To command a steamboat at a time when there were neither roads nor railroads in the Pacific Northwest was to be in a spectacular opportunity to earn money. Tom Wright never became rich because he could never settle down to running a vessel on a particular route for a sustained period of time. As soon as he mastered one route, he would be looking for another one. In June 1859 Captain Wright was ready to make another change. Hearing of homesteading activity beginning in the valley of the Chehalis River, in the western part of what is now Washington, Wright determined to take Enterprise to the Chehalis. This would require the lightly built Enterprise to be towed, in this case by the Eliza Anderson west through the Strait of Juan de Fuca and then south down the coast line of the Pacific Ocean to Grays Harbor.

The Chehalis River flows into Grays Harbor on its eastern shore, near where the modern cities of Aberdeen and Hoquiam, Washington, are now located. Wright begin this journey from Victoria on July 8, 1859, with Eliza Anderson towing Enterprise. In the Strait of Juan de Fuca Enterprise broke a shaft on her sternwheel, and the entire expedition was forced to turn back to Esquimalt, where Enterprise had to wait for a replacement shaft to be brought in from San Francisco.

==Run to San Juan Islands==
Enterprise was repaired by the end of July 1859, and by that time there was a demand for steamers to carry troops to the San Juan Islands. At that time the boundary between the United States and British Columbia was in dispute, with both countries claiming the San Juan Islands. British and American garrisons were established on San Juan Island. At one point a soldier shot a pig belonging to a partisan of the opposing country, and as a result the otherwise bloodless standoff became known as the Pig War. Steamboats in the area received contracts from both countries to move troops and supplies to the islands in connection with the dispute. Once Enterprise was repaired, Tom Wright postponed his plans to move the vessel to the Chehalis to take advantage of the increase in business, making a run on August 1, 1859, from Victoria to San Juan Island carrying passengers.
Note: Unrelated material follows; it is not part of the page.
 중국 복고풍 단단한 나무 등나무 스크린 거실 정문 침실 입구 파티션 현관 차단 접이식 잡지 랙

==Completed transfer to Chehalis River==
Following the San Juan Island trip, Tom Wright was finally able to get Enterprise around Cape Flattery and south to Grays Harbor and the Chehalis River. Wright's plan had been to earn huge freight rates and passenger fares from what he had thought would be the booming population in the Chehalis valley, Wright worked Enterprise to the head of navigation on the Chehalis, sinking three times on the way. When he finally arrived at the headwaters, Wright found not a booming population ready to pay lots of money for steamboat service, but only five farmers who offered to sell Wright a few eggs, butter and vegetables for fifty dollars. Disgusted with the situation, Wright tied up the Enterprise and returned to Puget Sound.
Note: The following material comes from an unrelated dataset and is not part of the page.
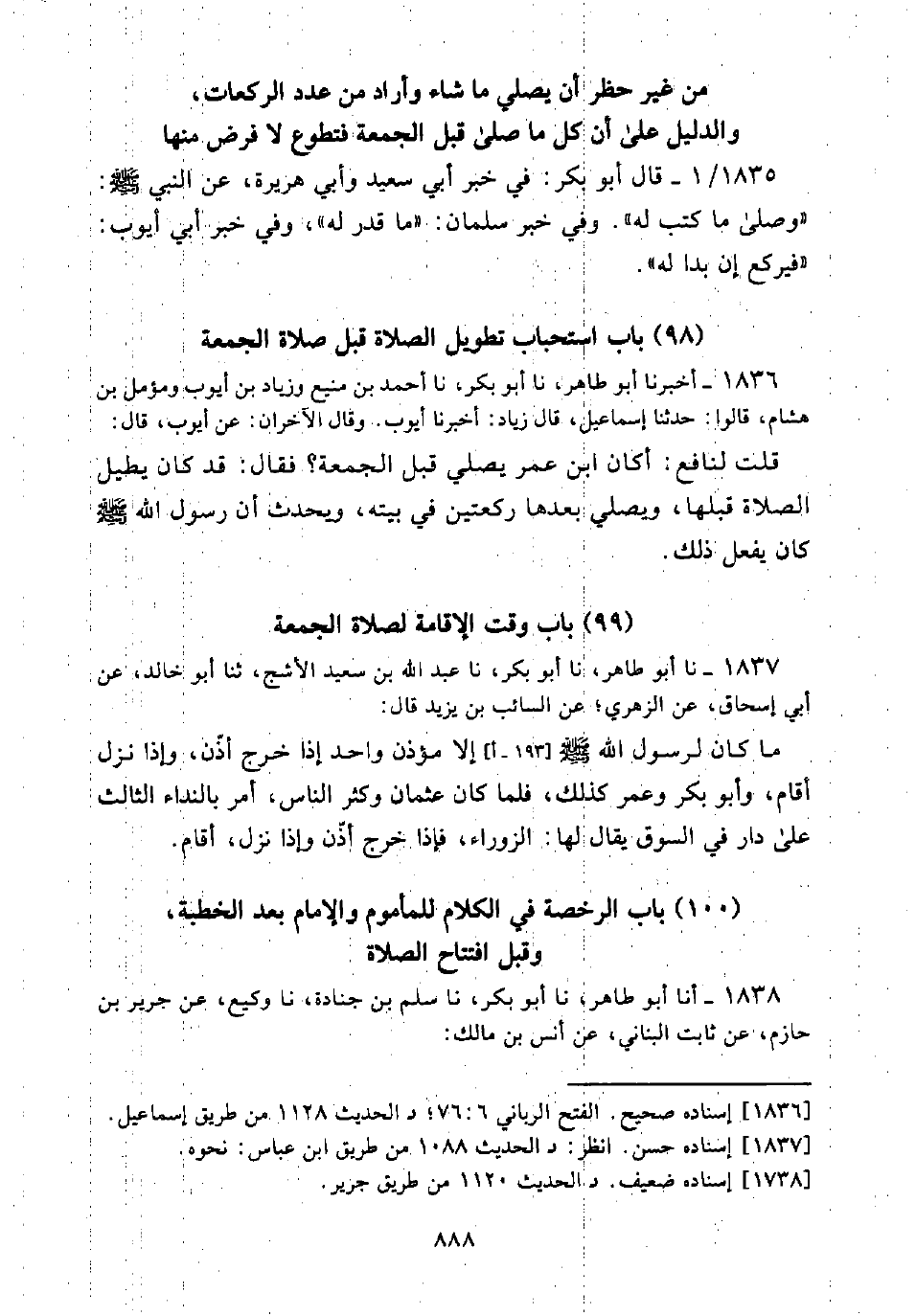 1835/ 1 - قَالَ أَبُو بَكْرٍ: فِي خَبَرِ أَبِي سَعِيدٍ وَأَبِي هُرَيْرَةَ، عَنِ النَّبِيِّ - صَلَّى اللَّهُ عَلَيْهِ وَسَلَّمَ -: "وَصَلَّى مَا كُتِبَ لَهُ". وَفِي خَبَرِ سَلْمَانَ: "مَا قُدِّرَ لَهُ"، وَفِي خَبَرِ أَبِي أَيُّوبَ: "فَيَرْكَعُ إِنْ بَدَا لَهُ".

By the spring of 1860, Wright was able to arrange a government contract to transport troops down the Chehalis River to Grays Harbor, and so was able to recoup some of his losses. Once the government contract work expired, there was no further business in the Grays Harbor area. Unable to move the lightly built vessel again on the open ocean, Wright dismantled Enterprise at Grays Harbor, with the machinery being shipped to China.